Resuming his campaign from Jambusar town of Bharuch district in Gujarat, where assembly elections are scheduled next month, Mr. Gandhi said at a public rally, “Yesterday, Arun Jaitley ji said some foreign organisation has certified that India has considerably improved in ease of doing business.”

Mr. Jaitley, he said, sits in his office and believes what foreigners say. The finance minister, Mr. Gandhi added, should meet small and mid-sized businessman for five-10 minutes and ask if the ease of doing business had really improved.

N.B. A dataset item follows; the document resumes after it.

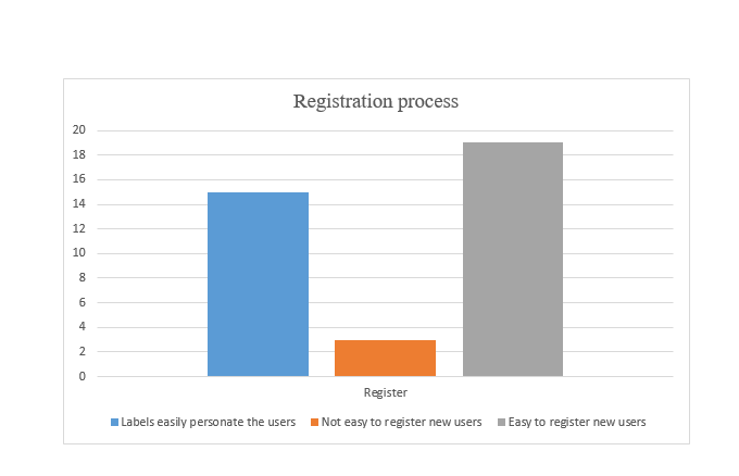 The researcher used a sample size of 20 from which the above analysis was concluded. 15 out of 20 respondents stated that labels that were integrated in registration form easily personate the users 18 out of 20 respondents found out that it was easy to register new users while 3 out of 20 experienced some difficulty during the registration process.

“The entire country will shout and say ease of doing business is absent, you have destroyed it, your demonetisation and GST have ruined it,” Mr. Gandhi said.

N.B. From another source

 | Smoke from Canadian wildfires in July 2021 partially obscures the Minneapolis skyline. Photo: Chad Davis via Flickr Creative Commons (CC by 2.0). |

Earlier in the day, Mr. Gandhi had tweeted in Hindi, taking off from a famous Ghalib verse to say that Mr. Jaitley was deluding himself.

“Sabko maloom hai ‘ease of doing business’ ki haqeeqat, lekin khud ko khush rakhne ke liye ‘Dr. Jaitley’ ye khayal achha hai (everybody knows the reality of ease of doing business, but this thought is good Dr. Jaitley to keep yourself happy).”

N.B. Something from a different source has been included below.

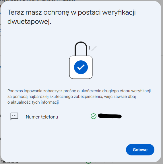 Po włączeniu drugiego etapu weryfikacji pojawi się okienko Teraz masz ochronę w postaci weryfikacji dwuetapowej wraz z informacją o włączonych dodatkowych weryfikacjach
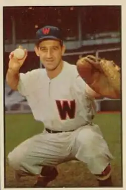 Newton Michael Grasso (May 10, 1920 – October 15, 1975) was an American professional baseball catcher and veteran of World War II who, after over two years as a Prisoner of War of the Germans,[1] played all or parts of seven seasons in Major League Baseball. He appeared in 322 total games for the New York Giants in 1946 and 1955, the Washington Senators from 1950 to 1953, and the Cleveland Indians in 1954. The Newark, New Jersey, native stood 6 feet (1.8 m) tall and weighed 190 pounds (86 kg); he batted and threw right-handed.

According to the World Bank, India’s rank on ‘ease of doing business’ scale has risen from 130 to 100 this year, helped by a slew of reforms in taxation, licensing, investor protection and bankruptcy resolution.

Addressing a press conference soon after the World Bank ranking was made public yesterday, Mr. Jaitley had said India is the only major country named for pursuing structural reforms.

“In 2014, we were 142nd and then (in) last two years, we improved to 131st and 130th. These are not generalised rankings. It happened in specific areas and they take tough parameters for that ranking,” he had said.

The “highest jump” in ranking was possible as significant improvements in all the 10 judging parameters were made in last three-four years “so that it becomes easy to do business in India”, Mr. Jaitley said.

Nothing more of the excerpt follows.